[[ Working data open ]]

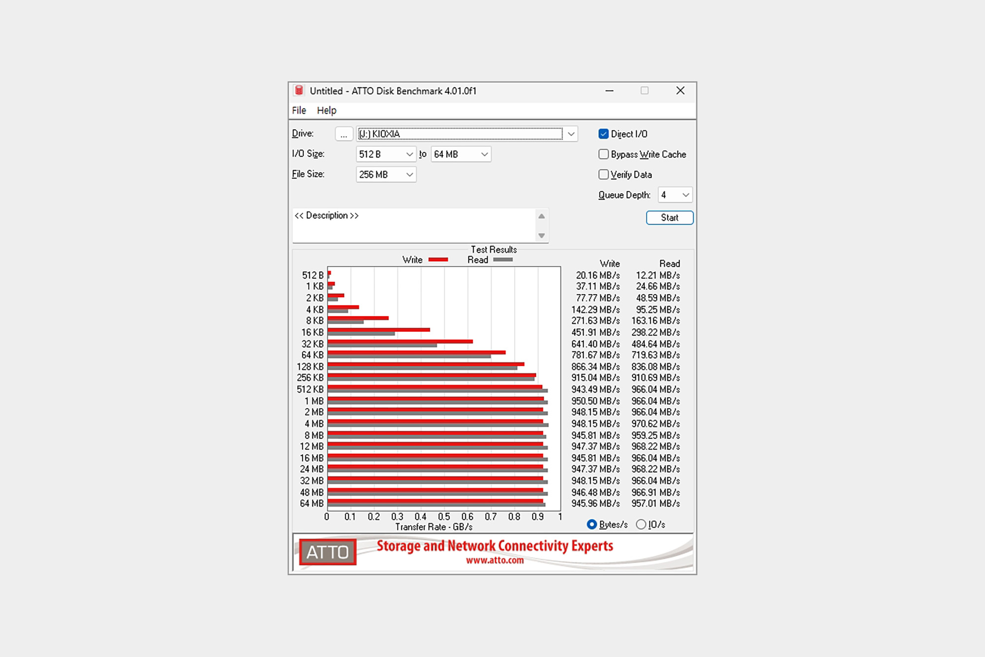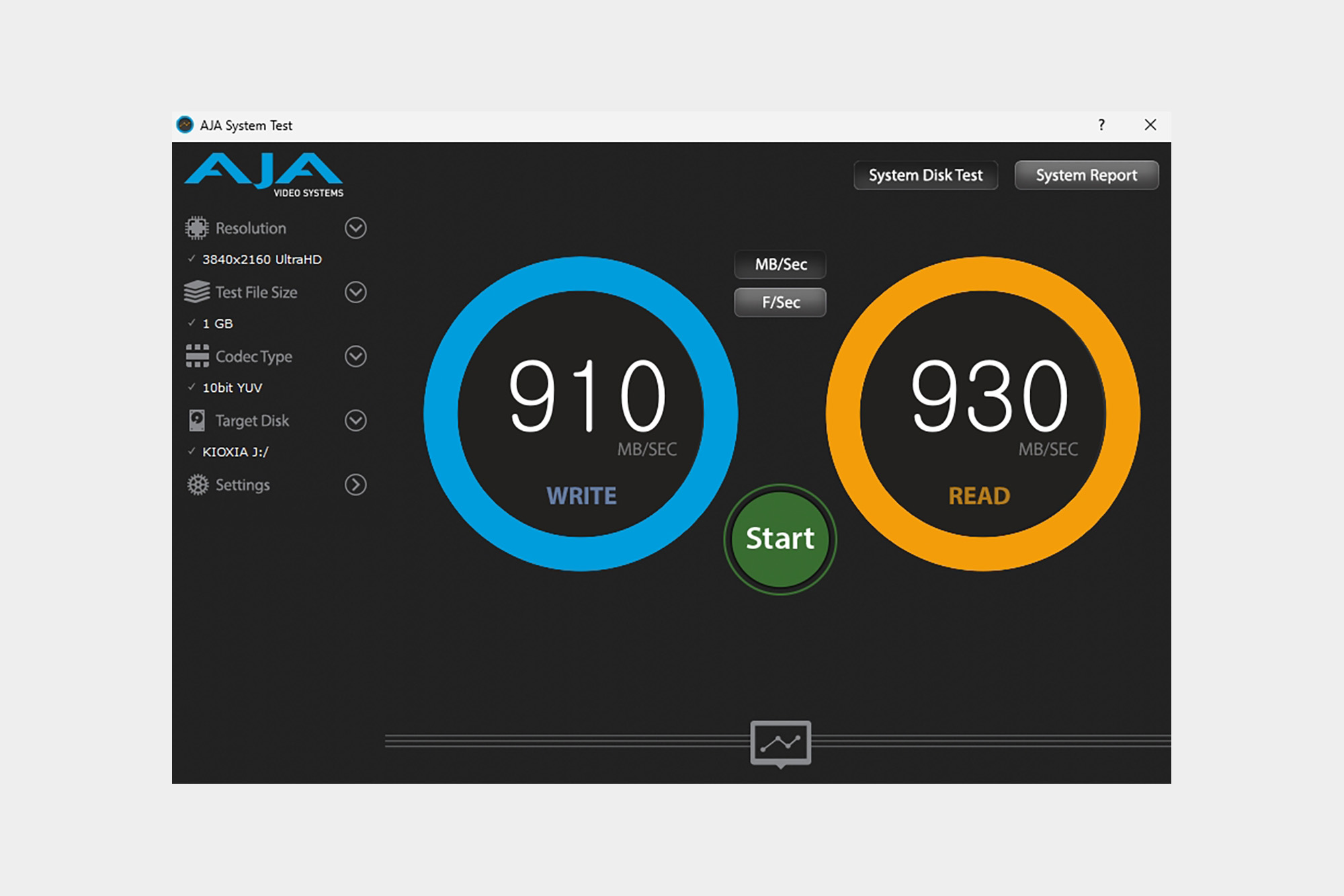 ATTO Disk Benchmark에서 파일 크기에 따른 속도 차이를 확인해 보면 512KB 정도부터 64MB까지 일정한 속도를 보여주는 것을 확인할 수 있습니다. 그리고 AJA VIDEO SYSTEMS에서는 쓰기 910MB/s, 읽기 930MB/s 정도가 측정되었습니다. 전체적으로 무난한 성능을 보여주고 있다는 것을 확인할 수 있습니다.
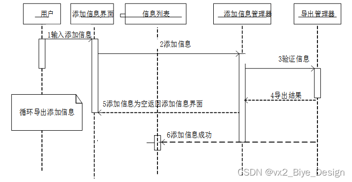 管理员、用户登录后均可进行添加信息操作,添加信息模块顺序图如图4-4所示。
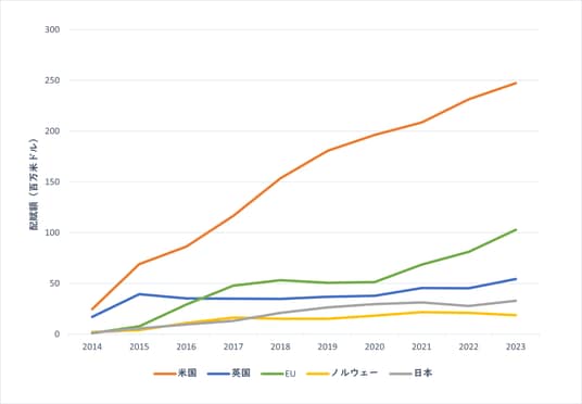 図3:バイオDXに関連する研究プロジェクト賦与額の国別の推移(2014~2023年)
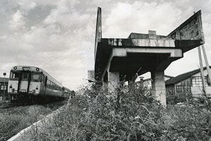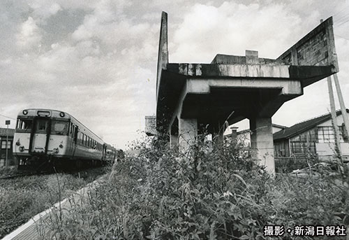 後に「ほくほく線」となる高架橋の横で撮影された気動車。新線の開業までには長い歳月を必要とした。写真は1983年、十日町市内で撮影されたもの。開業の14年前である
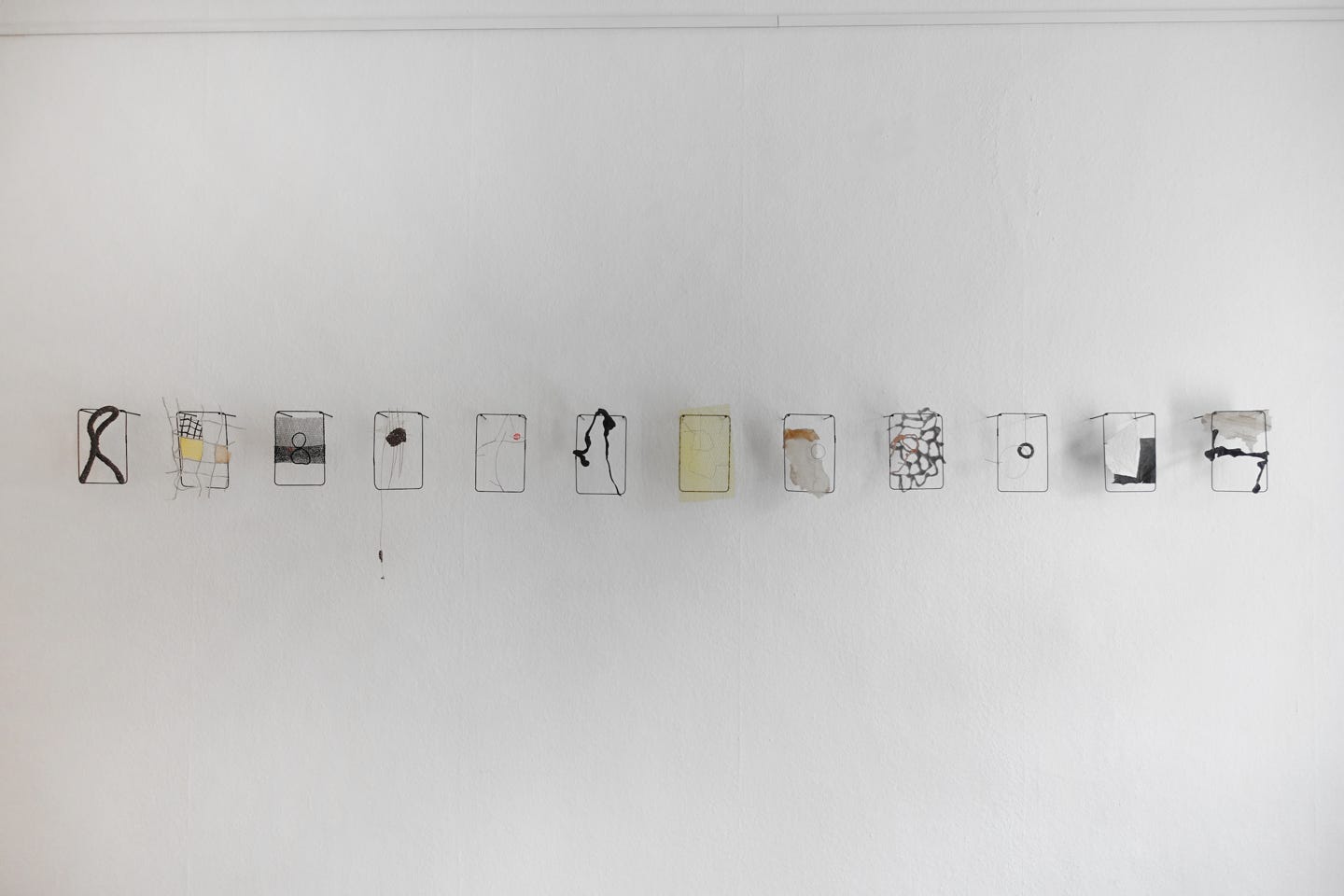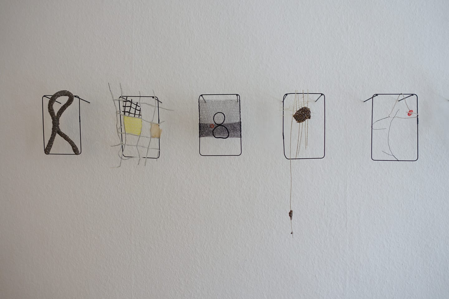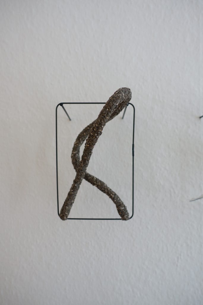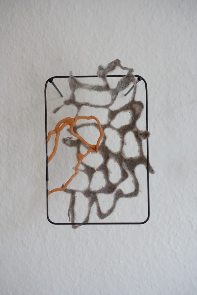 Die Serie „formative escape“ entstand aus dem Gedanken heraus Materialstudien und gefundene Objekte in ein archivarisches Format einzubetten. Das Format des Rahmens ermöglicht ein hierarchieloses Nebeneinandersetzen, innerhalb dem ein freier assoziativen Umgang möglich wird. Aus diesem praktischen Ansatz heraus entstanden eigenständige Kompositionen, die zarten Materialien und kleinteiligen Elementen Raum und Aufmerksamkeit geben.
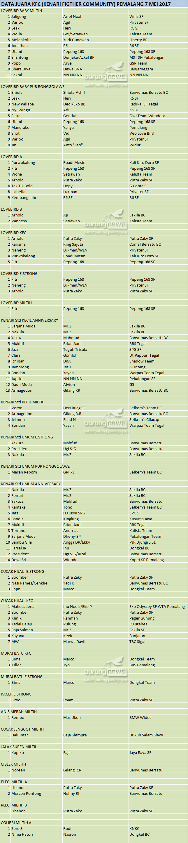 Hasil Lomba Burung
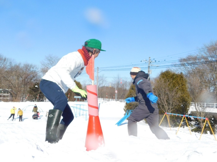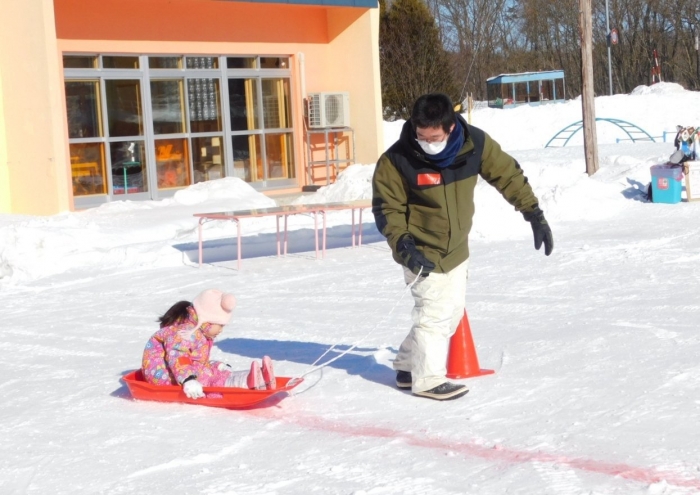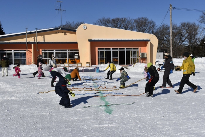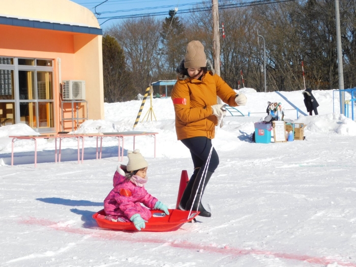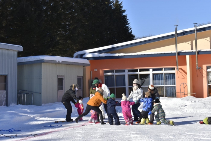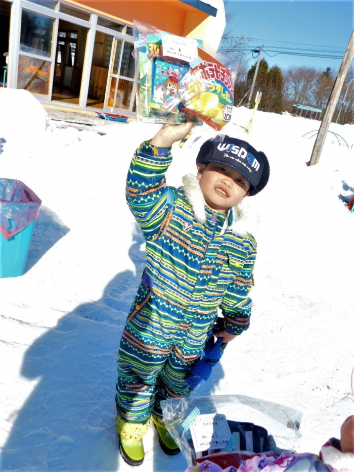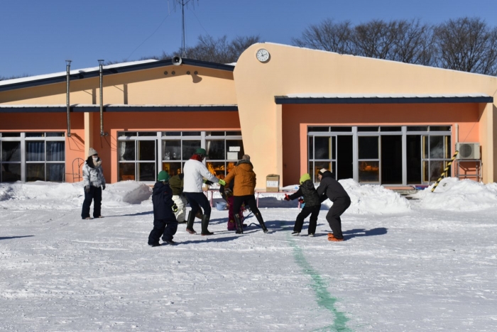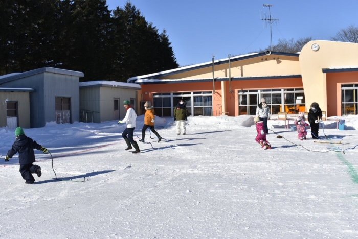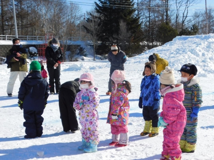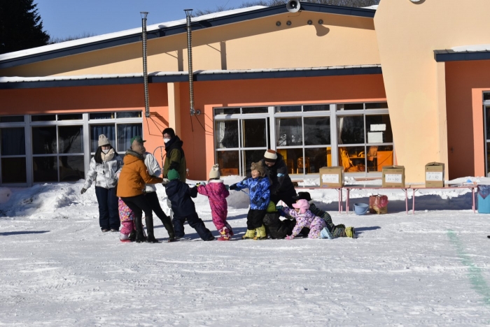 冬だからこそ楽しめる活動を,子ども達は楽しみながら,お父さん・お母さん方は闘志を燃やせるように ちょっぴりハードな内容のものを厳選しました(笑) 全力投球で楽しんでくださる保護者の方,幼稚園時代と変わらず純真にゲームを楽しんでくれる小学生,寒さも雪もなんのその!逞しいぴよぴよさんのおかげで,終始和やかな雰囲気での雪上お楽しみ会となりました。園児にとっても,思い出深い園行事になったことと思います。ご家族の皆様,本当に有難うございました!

[[ Working data closed ]]

__What is expected__
All lines from the one holding "Die Serie „formative" through the last line of the entries, and nothing else, are to be output exactly; leave out the pictures.

__Task solution__
 Die Serie „formative escape“ entstand aus dem Gedanken heraus Materialstudien und gefundene Objekte in ein archivarisches Format einzubetten. Das Format des Rahmens ermöglicht ein hierarchieloses Nebeneinandersetzen, innerhalb dem ein freier assoziativen Umgang möglich wird. Aus diesem praktischen Ansatz heraus entstanden eigenständige Kompositionen, die zarten Materialien und kleinteiligen Elementen Raum und Aufmerksamkeit geben.
 Hasil Lomba Burung
 冬だからこそ楽しめる活動を,子ども達は楽しみながら,お父さん・お母さん方は闘志を燃やせるように ちょっぴりハードな内容のものを厳選しました(笑) 全力投球で楽しんでくださる保護者の方,幼稚園時代と変わらず純真にゲームを楽しんでくれる小学生,寒さも雪もなんのその!逞しいぴよぴよさんのおかげで,終始和やかな雰囲気での雪上お楽しみ会となりました。園児にとっても,思い出深い園行事になったことと思います。ご家族の皆様,本当に有難うございました!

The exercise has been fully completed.